Make other plans, tell him you’d love to do something special with him soon but it doesn’t have to be on Christmas Day.

Some people aren’t very Christmassy and if you are super Christmassy then you have to know that going forward it will be a compromise you’ll develop together slowly.

littlebithurt · 15/11/2021 21:36

I wasn't suggesting we spend christmas together - I'd never be that insensitive! This is mainly because he doesn't want to acknowledge it in anyway - he doesn't want to even get presents for each other.

OP posts:
EvenMoreFuriousVexation · 15/11/2021 21:36

Your parent is a vicar!!! Drip feed of the century

littlebithurt · 15/11/2021 21:37

Is it?! Why?! I'm not a vicar!!

OP posts:
littlebithurt · 15/11/2021 21:37

I'm not particularly religious either!

OP posts:
Didimum · 15/11/2021 21:38

Your feelings are valid. You love him, you want him to be part of Christmas with you. You want him to feel the same about you.

But break this up a little. It’s not necessarily you or the care to make you happy he doesn’t feel strongly about. He just doesn’t feel strongly about Christmas. Doesn’t seem like he feels anything about Christmas other than it being for the kids, and that’s not an uncommon opinion. Some people aren’t into events or gift giving. It’s one day and it doesn’t have anything to do with your relationship. Unless you have sat him down and explained how much Christmas means to you and how much it would mean to you to share Christmas with him, and suggest a compromise (ie, not just your way), then you can’t expect him to be a mind reader.

Relationships require open communication. Use your big girl voice and speak up.

EvenMoreFuriousVexation · 15/11/2021 21:40

I'm sorry but there's no way I'd want to spend a religious festival with someone of that religion - and clearly close to that religion if they have a parent whose an officiant.

EvenMoreFuriousVexation · 15/11/2021 21:42

I don't mean any offense, but I'm not religious and can't be doing with it when the shops are going to be shut and I can't get out of the house.

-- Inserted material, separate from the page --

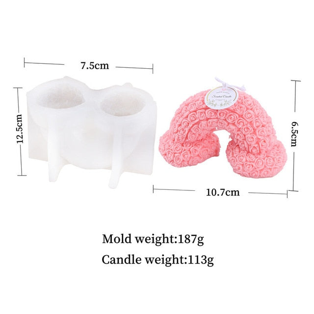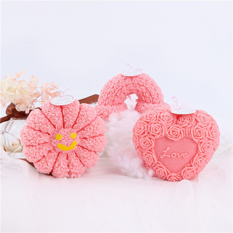 LOVE Rose Ball Candle Silicone Mold Rose Rainbow Chocolate Cake Mold Flower Heart Soap Silicone Mold Valentine's Day Gift Crafts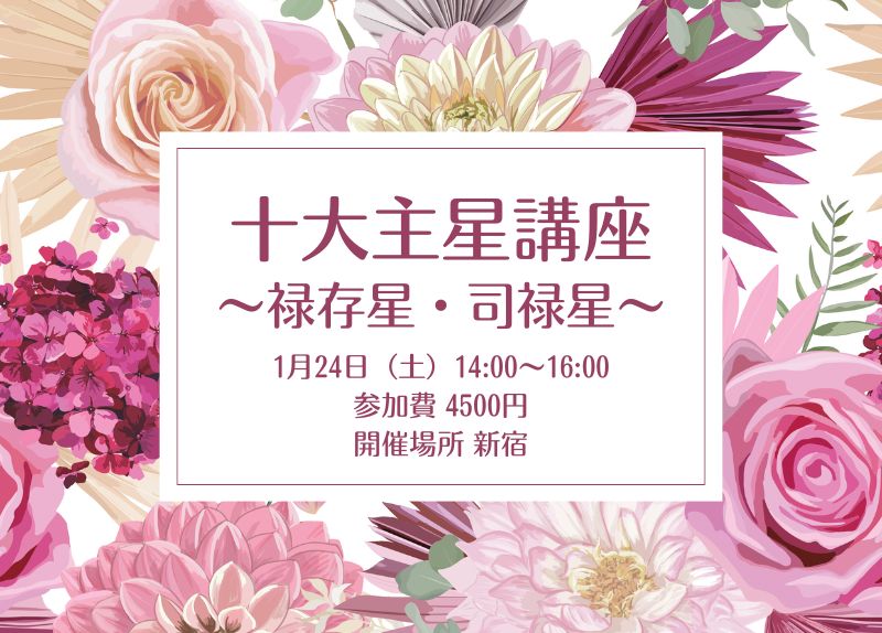 十大主星全般について知りたい方はもちろん、禄存星・司禄星を自分が持っている、家族や親しい人が持っているなどで、より深く理解をしたい方々の参加をお待ちしております。

GentlemanJay · 15/11/2021 21:42

I really don't like Christmas. That doesn't mean I don't do Christmas.

littlebithurt · 15/11/2021 21:42

I'm really sorry too @EvenMoreFuriousVexation but you appear to have completely misread the thread. I had never asked him to spend christmas with me, it would never be a consideration at this early stage. It is not my religion - I have a parent who is a vicar but that does not make me one. I felt hurt as he doesn't even want to give me a christmas card, let alone a small gift etc.

OP posts:
littlebithurt · 15/11/2021 21:43

so @GentlemanJay even if your partner loved it you wouldn't even give them a card?! That seems a little harsh to me.

OP posts:
3luckystars · 15/11/2021 21:44

Well it’s only November, maybe he is one of those people that don’t think about it until the week before.

Suprima · 15/11/2021 21:47

If you have explained how much you love christmas, and he is not looking forward to making it special for you- he doesn’t really give a shit

Be prepared for Valentine’s Day being a commercial holiday cash grab so he doesn’t have to put himself out by buying you a £10 bouquet

mswales · 15/11/2021 21:48

It's really concerning if you don't feel able to share your feelings with him and have an honest conversation seven months in. It sounds like you're having to tiptoe round him because it's just so awful for him not to be able to be with his DD. He has feelings and you have feelings, his don't take precedence over yours - if this is a good relationship you should both be able to be open about them. Having to hide the fact you're feeling really hurt about something is a red flag.